One and 1/2 out of four stars

TITLE: "All the Pretty Horses"

RATING: PG-13 (Occasional profanity, graphic violence and sexual candor)

CREDITS: Directed by Billy Bob Thornton.

RUNNING TIME: 116 minutes

Matt Damon is having his first bad year as a movie star. An uninspired object of reforming solicitude in "The Legend of Bagger Vance," he looks at once too old and too reserved for the role of an unwary, romantically susceptible young Texas wrangler in the movie version of "All the Pretty Horses," which has realization problems that extend well beyond Mr. Damon's miscasting.

At most, the cowpoke John Grady Cole, who embarks on a booby-trapped sojourn to Mexico with his pal Lacey Rawlins, should appear to be barely out of his teens.

Henry Thomas, cast as Lacey, perhaps can draw on residual memories of his Elliott in "E.T.," but he was 28 and Mr. Damon 29 when "Horses" was filmed on locations in Texas and New Mexico.
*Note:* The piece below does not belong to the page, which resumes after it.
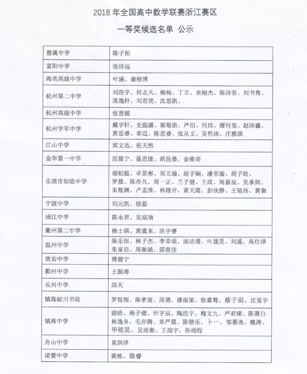 2018年全国高中数学联合竞赛浙江赛区的阅卷工作基本结束.

There's not much reason for either of them to persist in playing men a decade younger.

The fact that Lucas Black, cast as an unwanted companion named Blevins, is still a teen-ager aggravates the credibility problems; it's easier to find him authentic and interesting.

Unfortunately, the plot is calculated to discard him because John Grady is the one who should remain the center of attention and empathy, especially after he plunges into a foolhardy love affair with the daughter of a wealthy Mexican rancher and then spends harrowing time behind bars with Lacey.

The ostensible time frame is the late 1940s. It's quite a wonder that the two get out alive, especially because the movie doesn't make a persuasive case for their resourcefulness or tenacity.

Matt Damon's movie appearances date back to 1988, when he had a role in "Mystic Pizza" at the age of 18. His recent ascent has been pretty impressive: "Courage Under Fire," in which he was a terrific secret weapon, in 1996; the sleeper "Good Will Hunting," which won him a share in an Oscar for screenwriting, in 1997; "Saving Private Ryan" and "Rounders" in 1998; "The Talented Mr. Ripley" this time last Christmas. The inevitable downturn seems to have hit him and the stock market simultaneously.

Cormac McCarthy's prestigious best seller might have been a foolhardy movie project. Screenwriter Ted Tally and director Billy Bob Thornton (who earlier cast Lucas Black as the juvenile lead in "Sling Blade") seem to linger in a reverential trance, which might be ascribed to excessive deference toward a literary source.

Evocative prose rather than adequate dramatization would appear to be Mr. McCarthy's strong point. The failure to reinforce "All the Pretty Horses" at banal, common-sense levels of presentation and motivation begins plaguing the odyssey of John Grady and Lacey at an early point.

By the time they need to make a getaway, so many hitches are stalling the gitalong that "All the Pretty Horses" might as well be hobbled and stabled. It can't make any headway, especially when dependent on suspense or plausibility.

Something demonstrably impulsive or lovelorn needs to vibrate in Mr. Damon to authenticate the improbably sudden infatuation with Penelope Cruz as seemingly out-of-his-league Alejandra. Because her father has hired gringos John Grady and Lacey in good faith, with no hint of prejudice or suspicion in his nature, risking a fling with the resident family treasure seems far more stupid than ingratiating or compelling.

Impassioned looks and torrid clinches might help, but the director and performers prove absurdly slack in that area of make-believe.

At any rate, the primal emotions and conflicts necessary for rationalizing a "forbidden" romance and a perilous situation remain somewhere beyond the picturesque far horizons of "All the Pretty Horses."